I remember that first day in the seventh grade in Mrs. Helen Culmer’s homeroom. We were a bunch of giggling seventh-graders. Another classmate from Liberty City Elementary, Ivis Mickell (Richardson), had also joined me at Booker T. It felt so good to see familiar faces. A lot of friendships were formed on that first day at Booker T.,friendships that would last a lifetime.
Delores and I had that kind of friendship. We grew up and old together. We shared our teenage secrets and heartbreaks and had planned to go to college together. Later, I would introduce her to her first husband, the late James Sands. Their union produced three beautiful children.
I loved Delores’ family. Her parents were like surrogate parents to me. Because I was brought up by a single mom, I was especially fond of her dad, who was a role model for his own sons on how to be loving husbands and fathers. To know Mr. Collie, was to love him. And I often told Delores how blessed she was to have a dad like him. She would smile and say, “I know.”
Delores attended Knoxville College in Tennessee and later enrolled at the University of Miami, where she earned a bachelor’s degree in education. She began her teaching career as a kindergarten teacher at James E. Scott Community Center in the Liberty Square Housing Project. Later, she became a teacher in the Miami Dade County Public School System, where she taught for 31 years, ending her career at Arcola Lake Elementary School.
The years passed too swiftly. But we never lost contact with each other. We watched our children grow up and cheered each other on when life got in the way of living. When we didn’t see each other, we visited on the telephone, catching up by often talking for hours, bringing each other up to date about our children and, later our grandchildren and great-grandchildren.

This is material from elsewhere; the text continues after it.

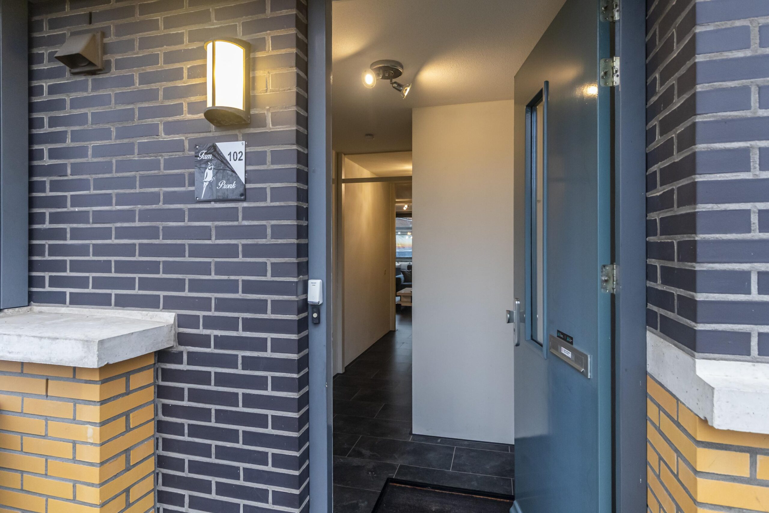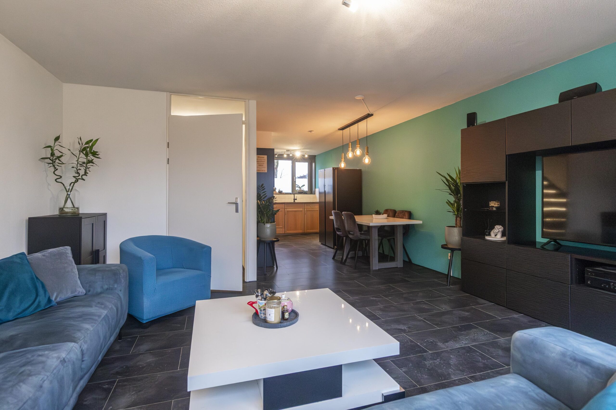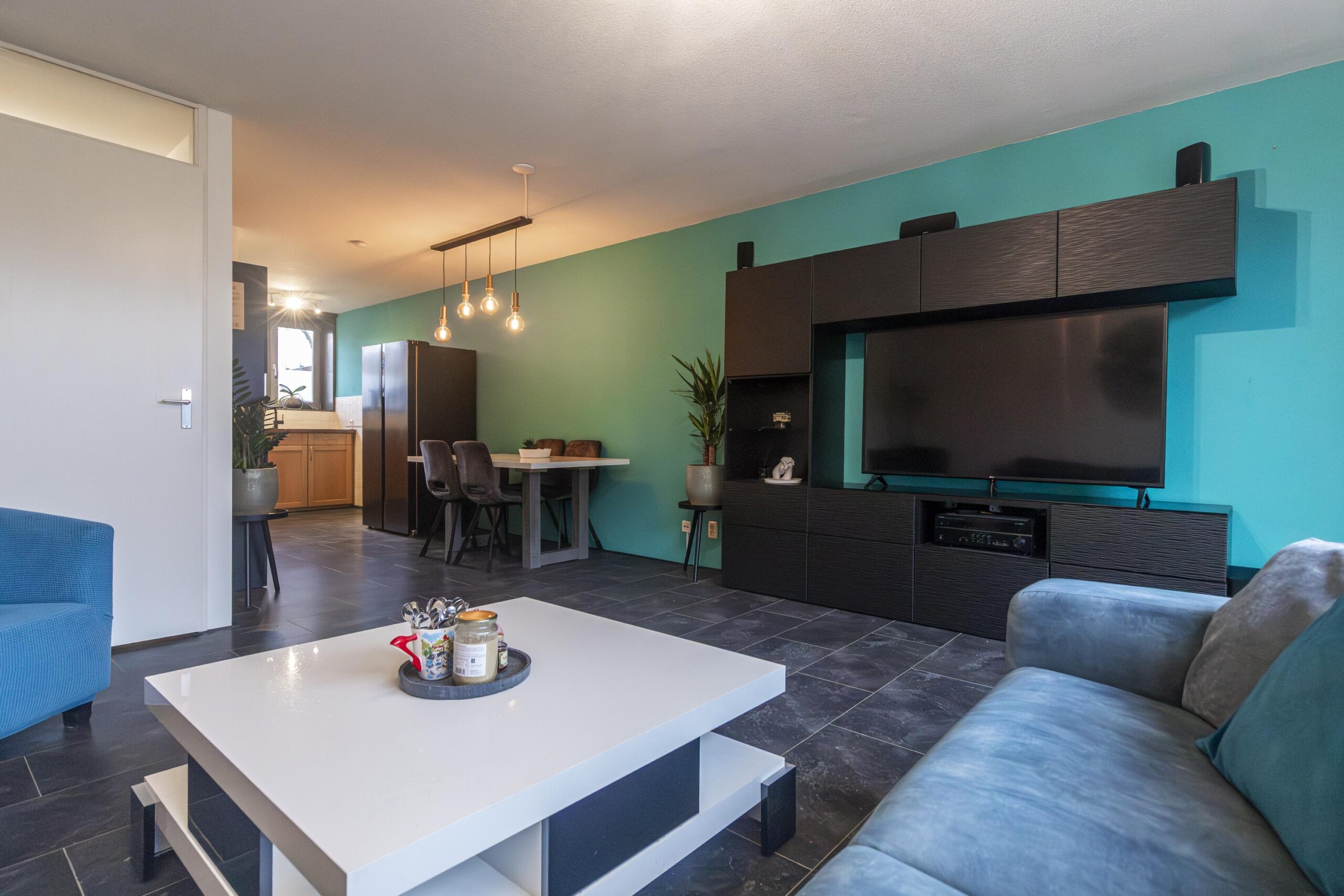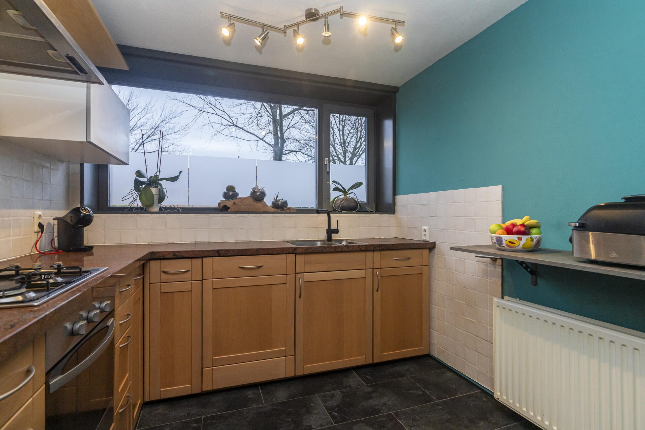 Via de verzorgde voortuin bereik je de entree van de woning. In het tochtportaal bevinden zich de meterkast en het toilet met fonteintje. De trap naar boven is recent vernieuwd en afgewerkt met pvc-bekleding en ingebouwde verlichting, wat zorgt voor een strakke en moderne uitstraling. Vanuit de hal stap je de lichte woon-eetkamer binnen waar de brede schuifpui aan de achterzijde zorgt voor veel daglicht en direct toegang geeft tot de zonnige tuin. Onder de trap is een praktische bergruimte aanwezig. Aan de voorzijde van de woning ligt de keuken in een L-opstelling die is voorzien van een vierpits gasfornuis, een elektrische oven, afzuiging naar buiten, Amerikaanse koelkast uit 2023 en een vaatwasser uit 2022. Aan de tuinzijde is een elektrische zonwering geplaatst over de volledige breedte van het huis waardoor je op warme dagen beschut buiten kunt zitten.

We comforted each other as our parents made their transition from earth to eternity. She grieved with me when my husband died. And I hurt for her when her marriage to James ended in divorce. Years later, I shared in her happiness when she found love again with Hubert Lockett, who preceded her in death.
In her later years, Delores lost her eyesight. It never stopped her. She was active in her church, and enjoyed traveling to the Bahamas, Canada, and Europe. She was a member of the Alpha Kappa Alpha Sorority and always enjoyed attending the annual meetings around the country. She loved her family and the Booker T. Washington High School Alumni Association and was a faithful member.
She is preceded in death by her siblings Estelle Collie Scavella, James Collie and Albertha Collie Palacious.
In addition to her children, Martin Sands, Stuart Sands, and Karen Sands Wilkinson and adopted son Nigel Brown, Delores is survived by brother Kelsey Collie of Washington D. C., and Sister Constance Collie Blackman, 11 grandchildren, 15 great-grandchildren, and many other relatives and friends.
Funeral services were held Saturday (March 4) at her beloved Church of the incarnation at 1835 NW 54th St. in Liberty City.